"""

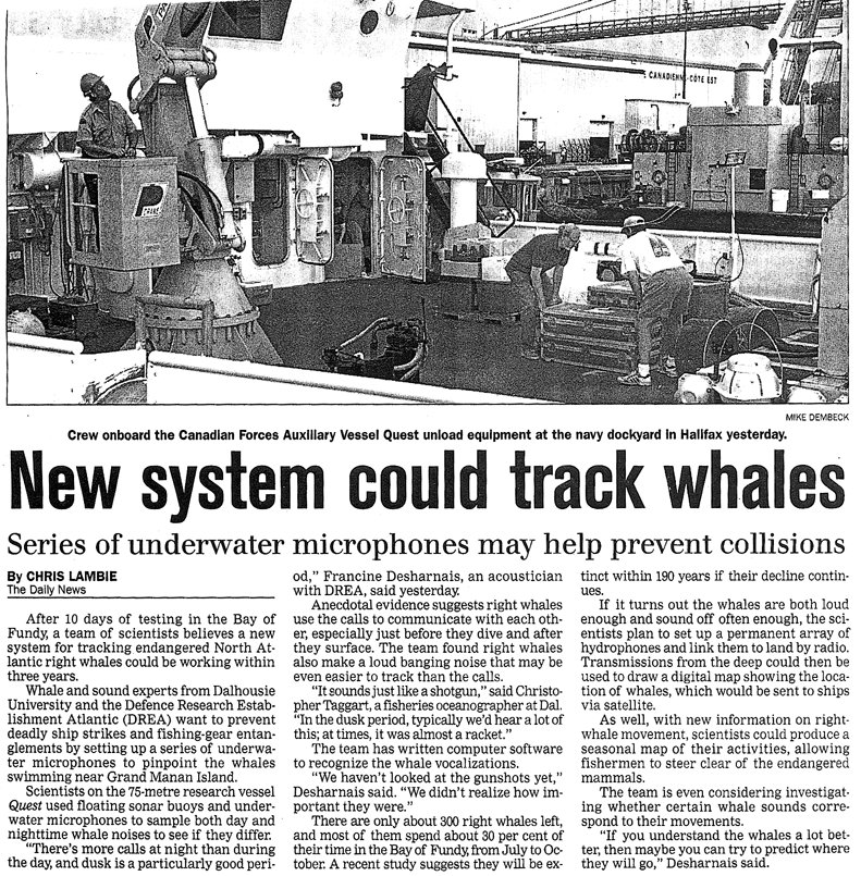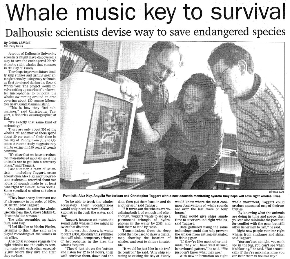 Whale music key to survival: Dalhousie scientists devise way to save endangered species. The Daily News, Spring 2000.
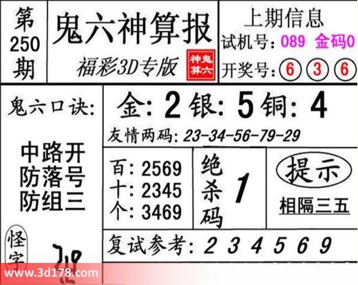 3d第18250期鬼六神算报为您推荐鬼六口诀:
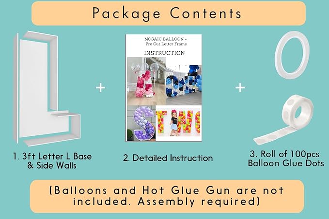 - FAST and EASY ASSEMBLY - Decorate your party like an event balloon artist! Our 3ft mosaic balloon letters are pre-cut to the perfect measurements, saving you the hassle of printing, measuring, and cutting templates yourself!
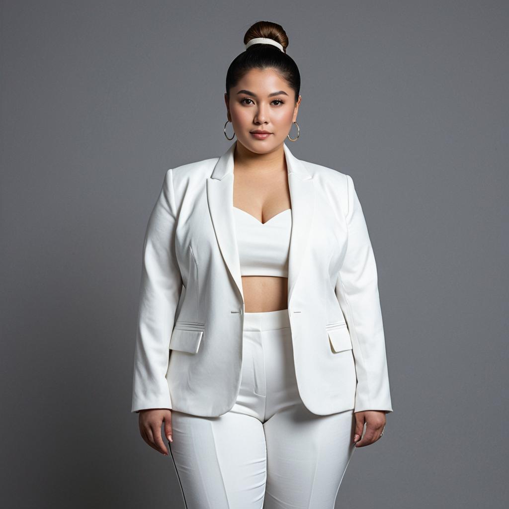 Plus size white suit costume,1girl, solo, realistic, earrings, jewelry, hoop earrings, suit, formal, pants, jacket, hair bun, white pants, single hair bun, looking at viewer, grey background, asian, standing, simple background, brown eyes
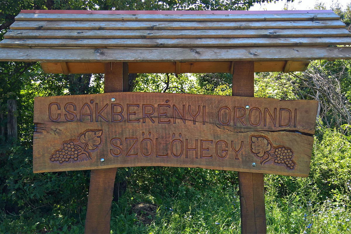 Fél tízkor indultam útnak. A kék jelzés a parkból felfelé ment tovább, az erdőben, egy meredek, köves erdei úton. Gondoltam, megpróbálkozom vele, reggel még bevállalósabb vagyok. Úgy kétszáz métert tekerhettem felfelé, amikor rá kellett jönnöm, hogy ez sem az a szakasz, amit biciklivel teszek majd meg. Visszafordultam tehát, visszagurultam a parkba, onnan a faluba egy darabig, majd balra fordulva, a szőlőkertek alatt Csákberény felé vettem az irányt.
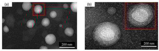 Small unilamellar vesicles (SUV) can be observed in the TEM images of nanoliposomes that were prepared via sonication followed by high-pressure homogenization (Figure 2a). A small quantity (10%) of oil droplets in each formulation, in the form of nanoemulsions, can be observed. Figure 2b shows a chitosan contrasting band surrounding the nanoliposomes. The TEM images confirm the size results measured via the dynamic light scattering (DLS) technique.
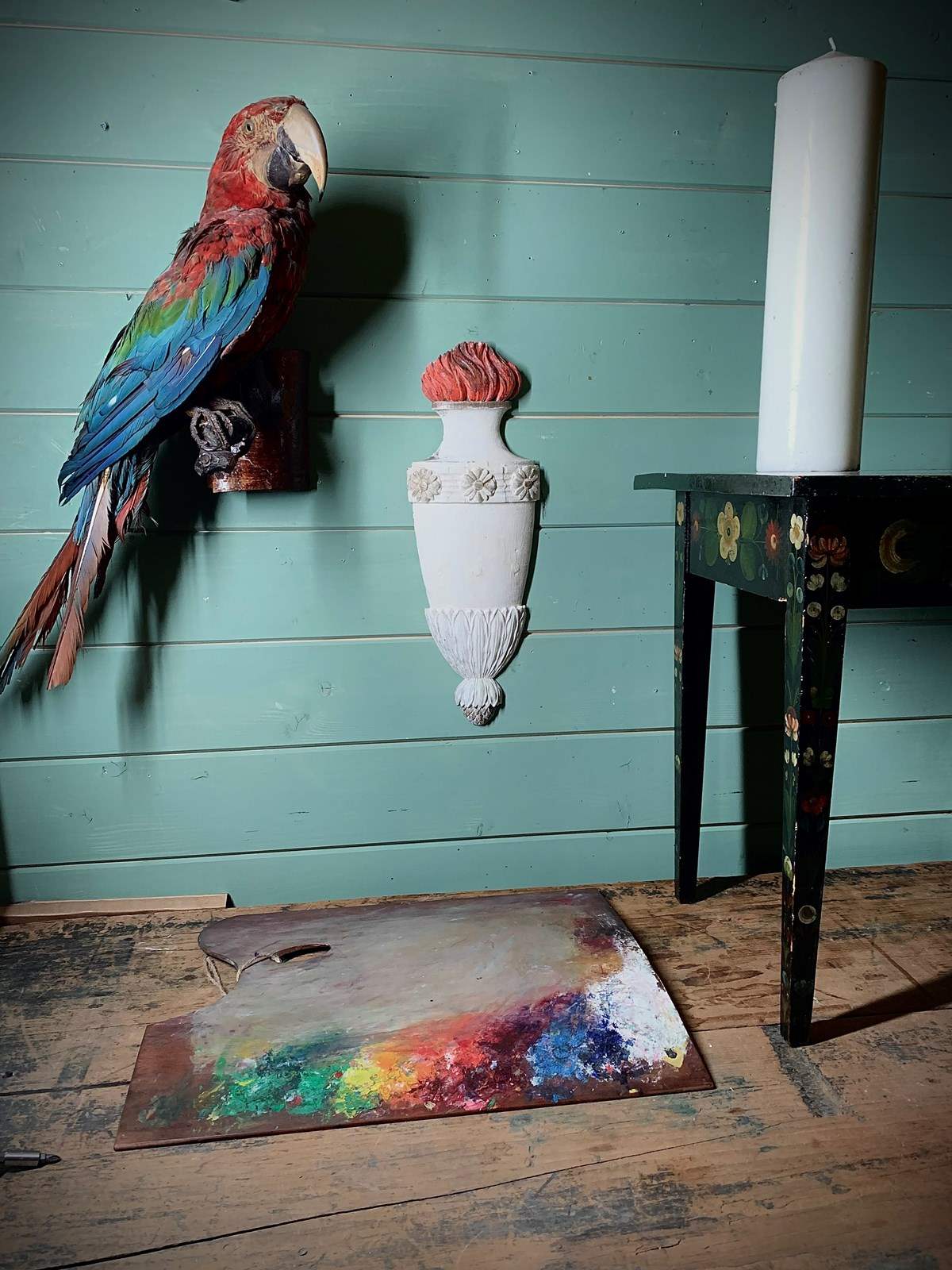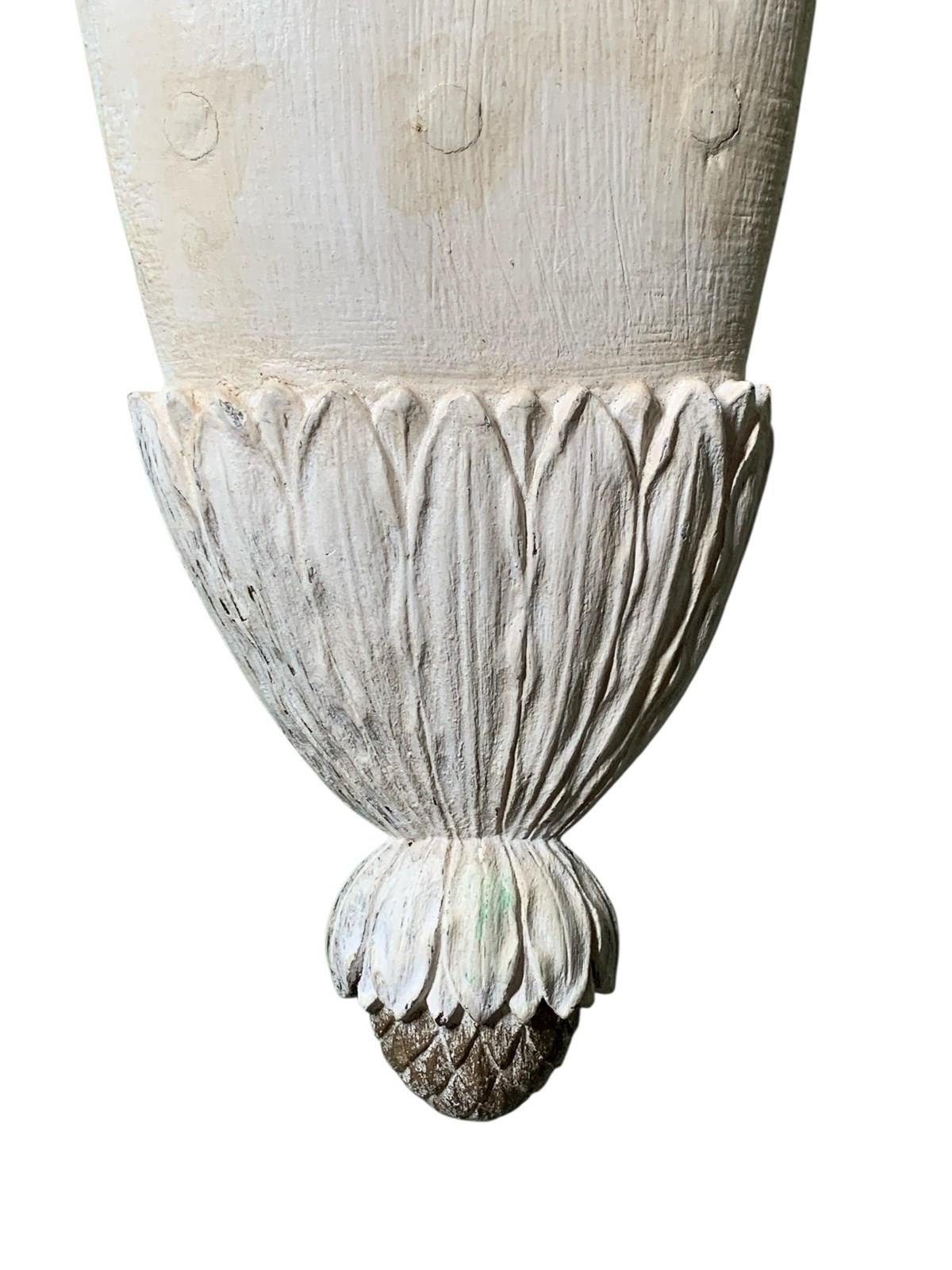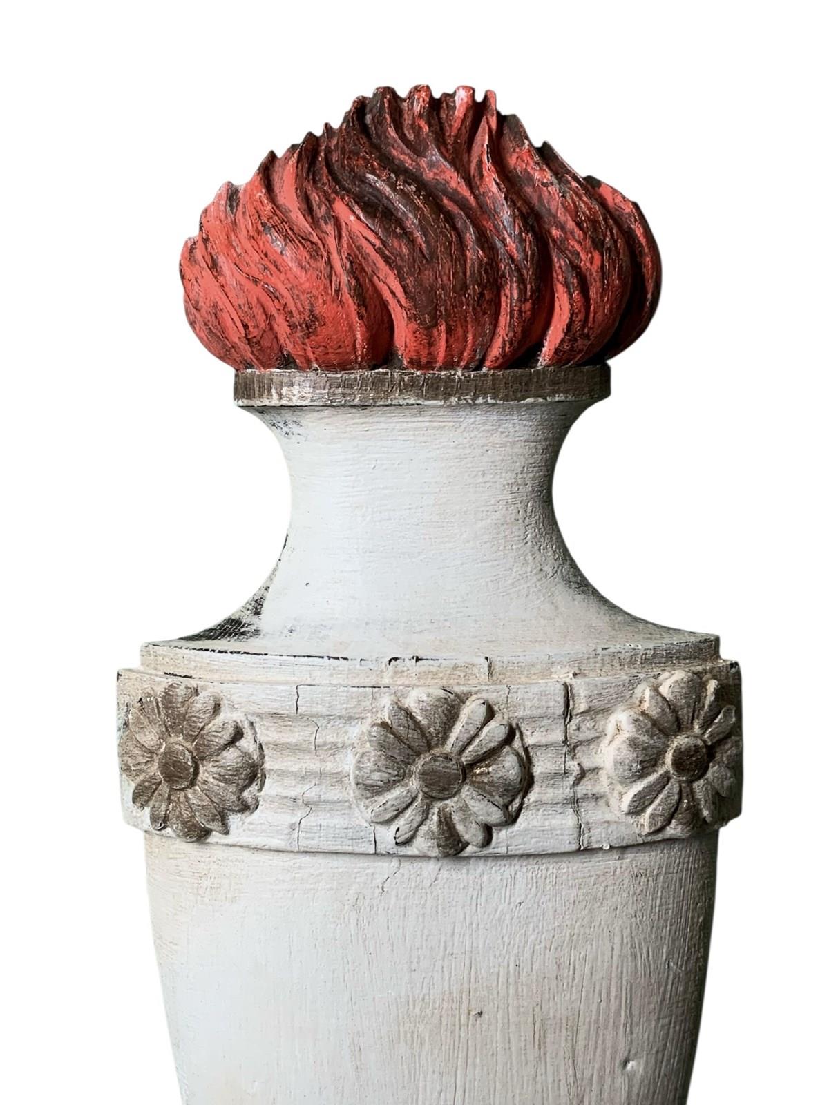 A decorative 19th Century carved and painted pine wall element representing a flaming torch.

"""

PROBLEM TO SOLVE => Retype every entry exactly, but keep the pictures out of your copy.

EXPECTED ANSWER =>
 Whale music key to survival: Dalhousie scientists devise way to save endangered species. The Daily News, Spring 2000.
 3d第18250期鬼六神算报为您推荐鬼六口诀:
 - FAST and EASY ASSEMBLY - Decorate your party like an event balloon artist! Our 3ft mosaic balloon letters are pre-cut to the perfect measurements, saving you the hassle of printing, measuring, and cutting templates yourself!
 Plus size white suit costume,1girl, solo, realistic, earrings, jewelry, hoop earrings, suit, formal, pants, jacket, hair bun, white pants, single hair bun, looking at viewer, grey background, asian, standing, simple background, brown eyes
 Fél tízkor indultam útnak. A kék jelzés a parkból felfelé ment tovább, az erdőben, egy meredek, köves erdei úton. Gondoltam, megpróbálkozom vele, reggel még bevállalósabb vagyok. Úgy kétszáz métert tekerhettem felfelé, amikor rá kellett jönnöm, hogy ez sem az a szakasz, amit biciklivel teszek majd meg. Visszafordultam tehát, visszagurultam a parkba, onnan a faluba egy darabig, majd balra fordulva, a szőlőkertek alatt Csákberény felé vettem az irányt.
 Small unilamellar vesicles (SUV) can be observed in the TEM images of nanoliposomes that were prepared via sonication followed by high-pressure homogenization (Figure 2a). A small quantity (10%) of oil droplets in each formulation, in the form of nanoemulsions, can be observed. Figure 2b shows a chitosan contrasting band surrounding the nanoliposomes. The TEM images confirm the size results measured via the dynamic light scattering (DLS) technique.
 A decorative 19th Century carved and painted pine wall element representing a flaming torch.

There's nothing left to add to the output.